Sunday, October 9, 2011

Here's the deal..

It's going to be 80 degrees today, it's October. Now we all know that's not right, right?

Other things that are not right? Nolan Ryan looking real old, the Duchess of Alba, MarĂ­a del Rosario Cayetana Alfonsa Victoria Eugenia Francisca Fitz-James Stuart y de Silva getting married and me going into U of M/club med tomorrow to start IV antibiotics. Why am I going back in after just having them in August? My lung function is in the toilet. When I say toilet I mean seriously, I just about shat when I saw what my PFT's were on Friday. But why? Read below..

Last week I came down with what I thought was a cold/sinus infection type deal. I started on Cipro (yeah the same stuff for Anthrax) on Tuesday and thought I was on the mend on Thursday. On Friday I headed to NYC for a little vacay and speaking engagement but started to feel pretty winded and was coughing more on Sunday. As any noble CF'er would do I shrugged it off thinking the Cipro will take care of this for sure. I don't have time to be "sick!" After seeing a record 5 shows in 4 days, and hanging in the city with my brother, sis n law, uncles and friends I knew that things were not good. My lungs and sides hurt, I was winded and coughing anytime I would go out. What I would usually walk, I took the train or bus.

Tuesday night I spoke at the Research Update for the NYC chapters of the CFF and felt great for the 2 hours I was there. Because I am delivering such great news about VX-770/blue pill, my mind really gets into it and I forget that I actually do feel like shit.

In the past two months I have seen my pulmonary function at the highest I remember seeing it and then on Friday at the lowest I have seen it. I've felt the best ever, running 5 miles, biking 30 a day and yoga 4-5 days a week. This week my lungs and back hurt, I'm coughing up some crazy junk and the thought of running 1 mile is making me tired. Also I dropped about 5 pounds and eating is not something I want to do..this is a HUGE change because I normally want to eat everything and anything (healthy ;) all day long. I have seen the best and worst of my health in 1 month and have seen it slowly spiral..know what's keeping me together? My family and friends. Staying positive, laughing and not making this my main focus.

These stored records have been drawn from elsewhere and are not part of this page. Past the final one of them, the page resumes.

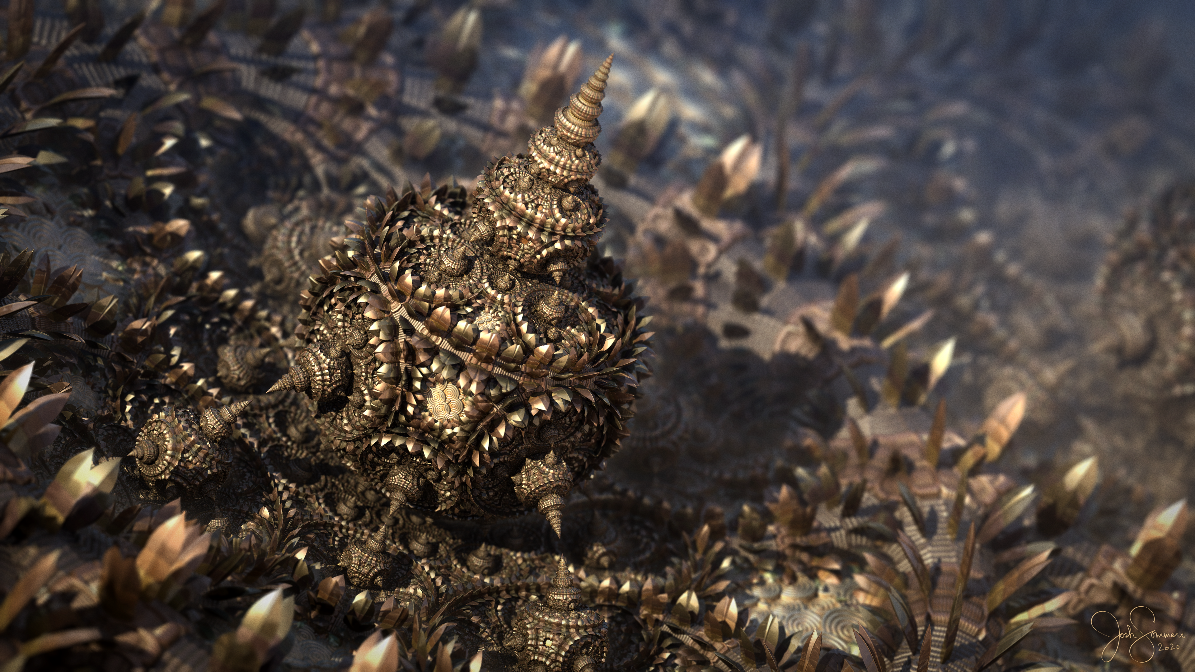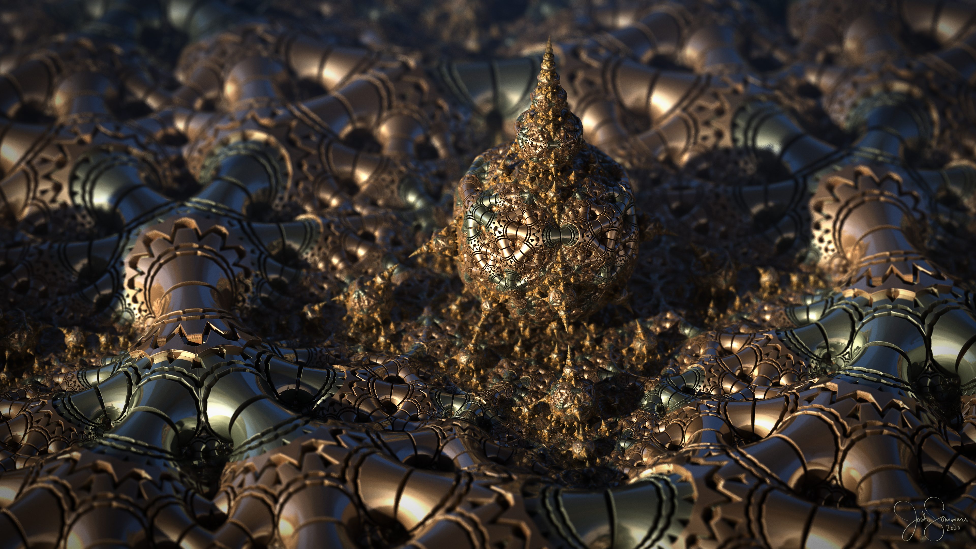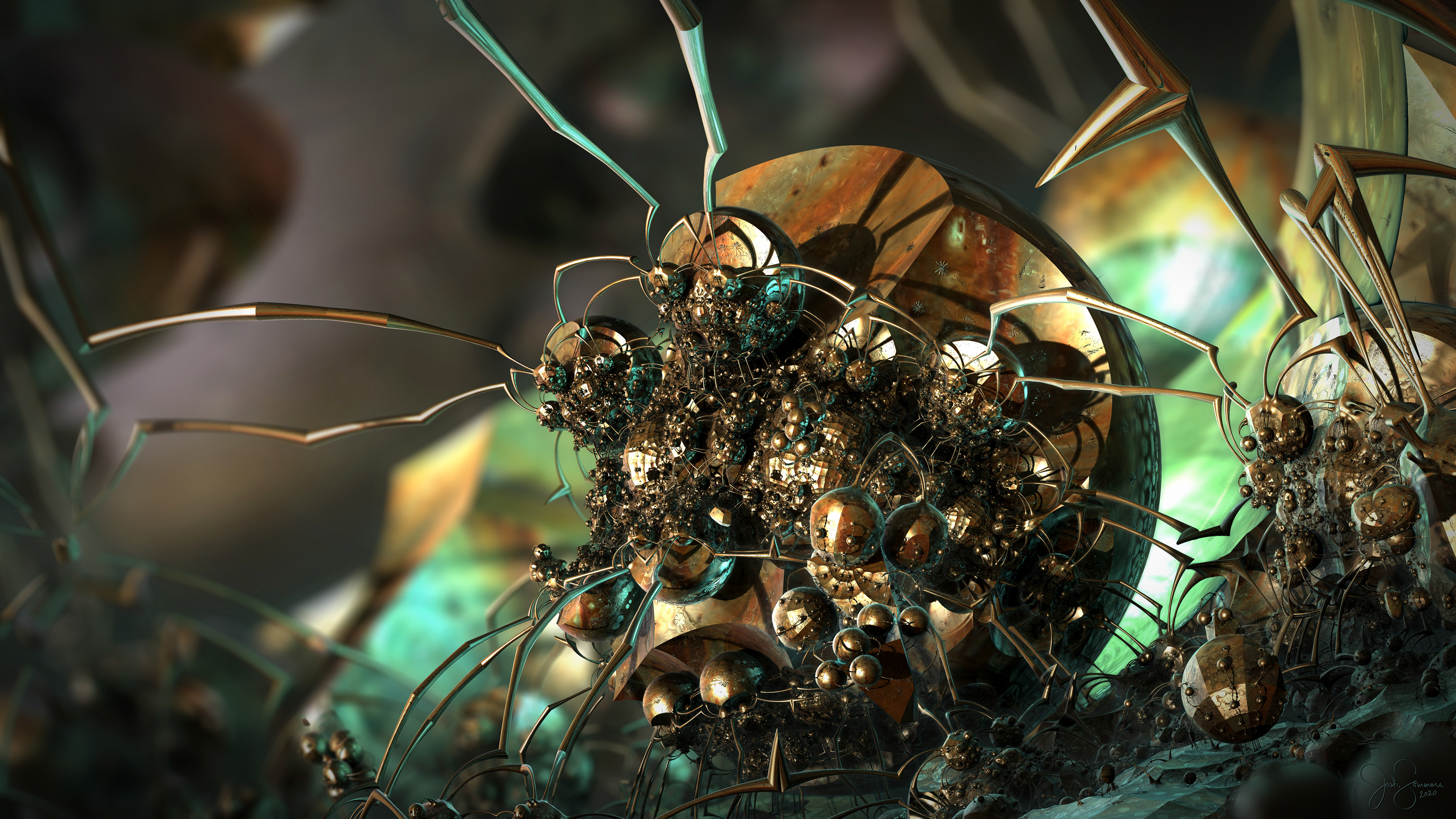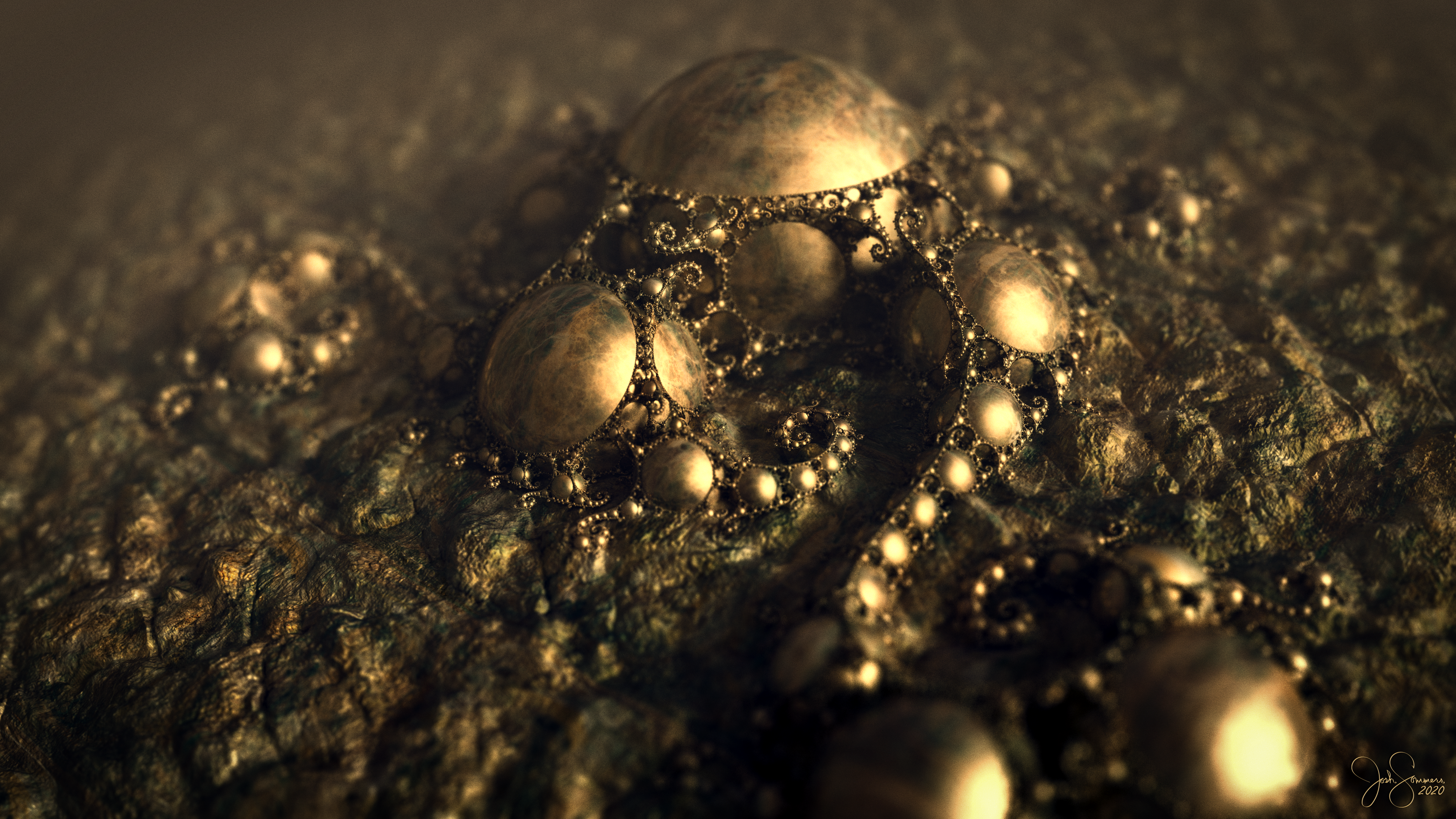 Abstract 3D Fractal art created with Mandelbul3D and Photoshop.
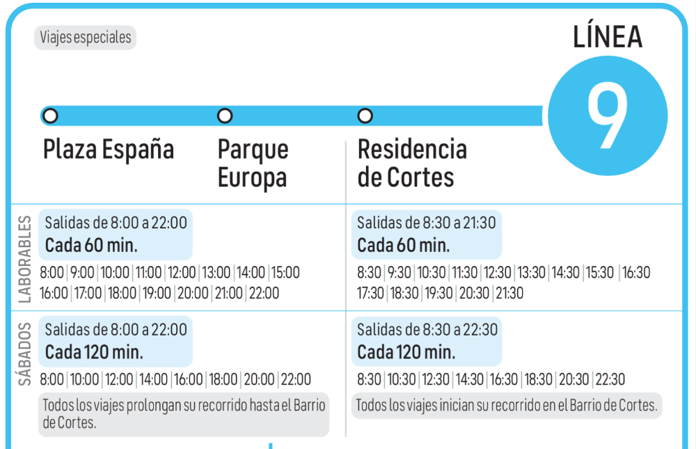 Línea 9: Plaza España - Parque Europa - Residencia Cortes Itinerario Icono Mapa Consulta el Itinerario en Directo Horario Documents LINEA_09.pdf (pdf 27,3 kB)
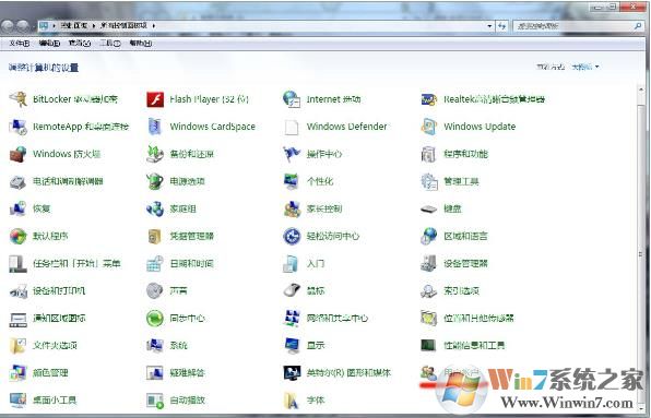 2、把控制面板的查看類型設(shè)置為小圖標(biāo),這樣更利于我們找到用戶帳戶控制的選項,找到“用戶賬戶”,一般來說都在控制面板右下角;
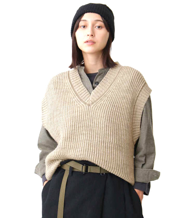 MHL.から、NATURAL WOOL RIB VEST WOMENSが入荷しました。柔らかなウール素材を使用したニットベストです。ボリュームのあるリブ編みニットをカバーステッチで仕立てました。肩幅を広めにとった肩周りのルーズさが印象的な一着です。裾のスリットもポイント。
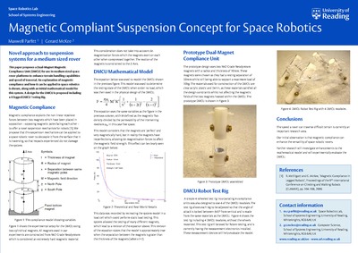 Parfitt, M. and McKee, G. (2011) Magnetic compliant suspension concept for space robotics. In: ASTRA 2011: 11th Symposium on Advanced Space Technologies in Robotics and Automation, 12-14 April 2011, Noordwijk, the Netherlands.
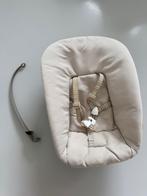 Tripp trapp newborn set met greige hoes. Gebruik ervan is mogelijk vanaf de geboorte tot 9kg. Speelgoedhanger is inbegrepen.
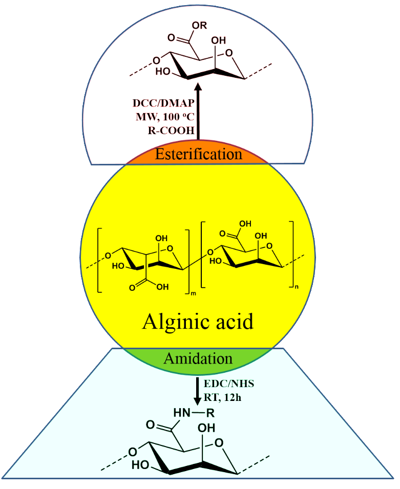 Figure 4. Derivatization of alginic acid via esterification and reactions.
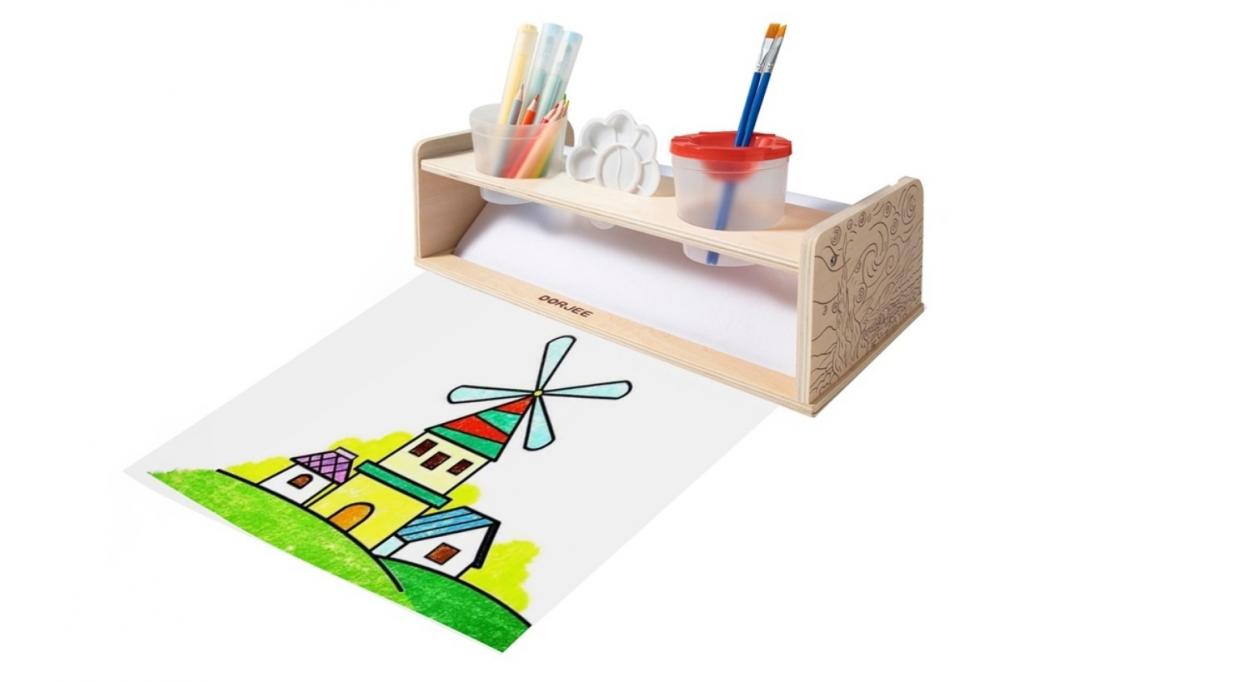Drewniany stojak na rolki papieru Dorjee jest wykonany z litego drewna. Dodatkowo zawiera wszystko, czego potrzebujesz na początek, w tym wysokiej jakości rolkę papieru, kubeczki na farbę, pędzle i paletę kolorów. Marzenie każdego małego artysty!
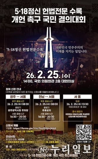 (누리일보) 5·18정신을 헌법전문에 수록하기 위한 개헌을 촉구하는 각계의 목소리가 높아지고 있다. 오는 6월 전국 동시 지방선거와 연계한 ‘원포인트 개헌’ 논의가 확산되면서 5·18정신 헌법전문 수록을 요구하는 사회적 공감대도 빠르게 확산하고 있다.
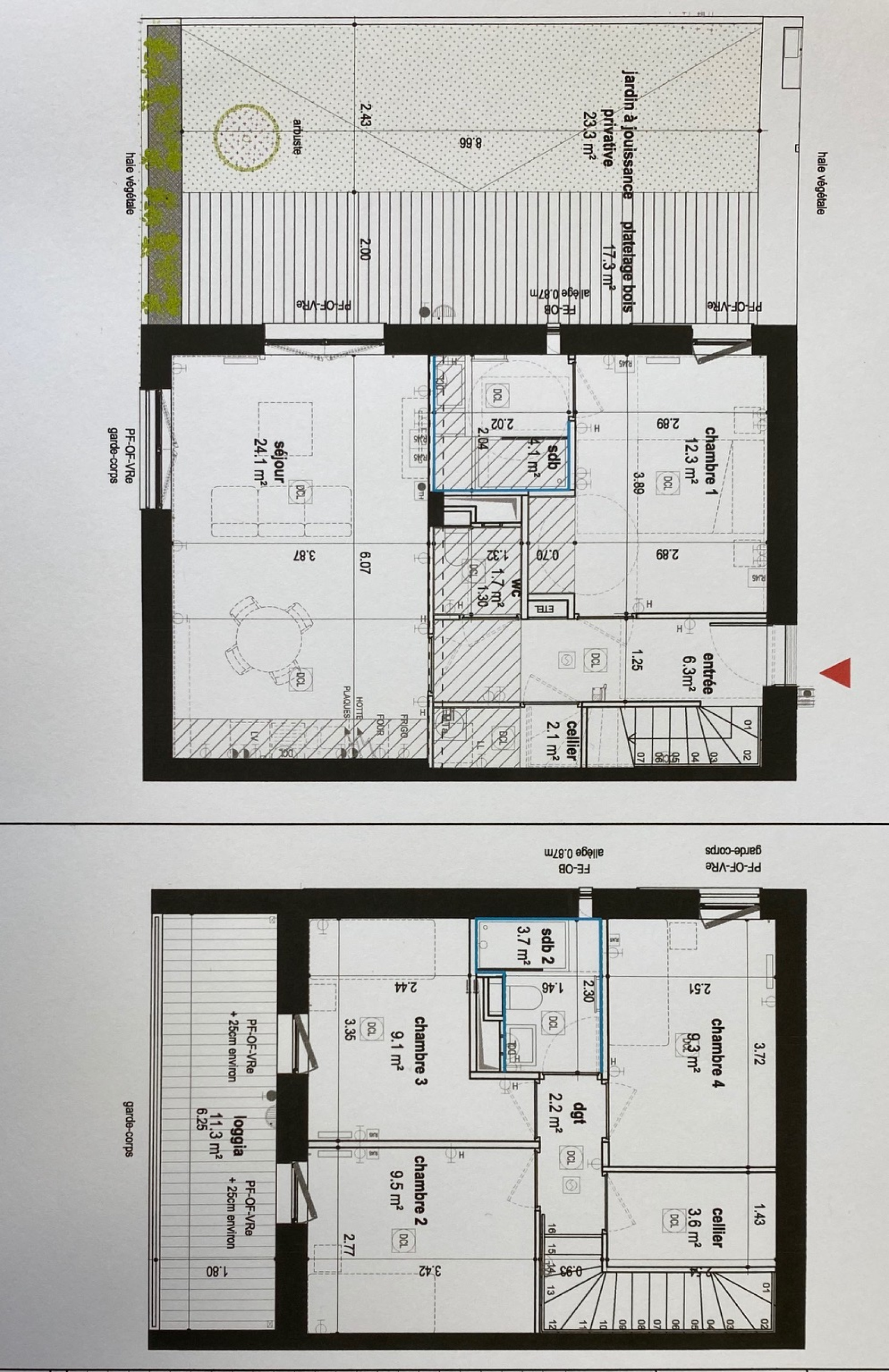 A l'étage, se trouvent 3 chambres d'environ 9,5m2 chacune, un grand dressing et une salle de bain avec WC. 2 des chambres ont accès à une loggia de 11m2.

Of course I could be super pissed about this because I know that I've been off of the little blue pill for a month and my body doesn't really like that. Also I'm sure I wouldn't be writing this post if I were still on my blue buddy. So I did spend a few frustrating minutes this weekend swearing..actually a lot but that doesn't really matter...I was just reciting every word that my uncles taught me.

Everything happens for a reason and focusing only on positive things is what I need. My main focus is getting healthy and ready to start training for a spring half marathon and maybe even a fall half iron man (minus the swimming..I'm a Pisces but I hate swimming.) as soon as I am released from that place.

Tonight I will watch the Tigers take down Texas and the tomorrow I will watch the Lions handle da Bears on Monday Night Football!

Em



4 comments:

kshumard said...

Em, You are the tip of my spear. I am thinking all the positive thoughts I can in your direction.
Did I understand, are you off the "experimental" drug?
Best wishes, you know we are all counting on you. Kevin Shumard

Rebecca said...

why did you have to stop VX-770?

Rebecca said...

Ok, I just caught up with you older posts and see why you stopped taking VX-770. Was it ever determined if it was causing your side-effects? Are you planning to start it again?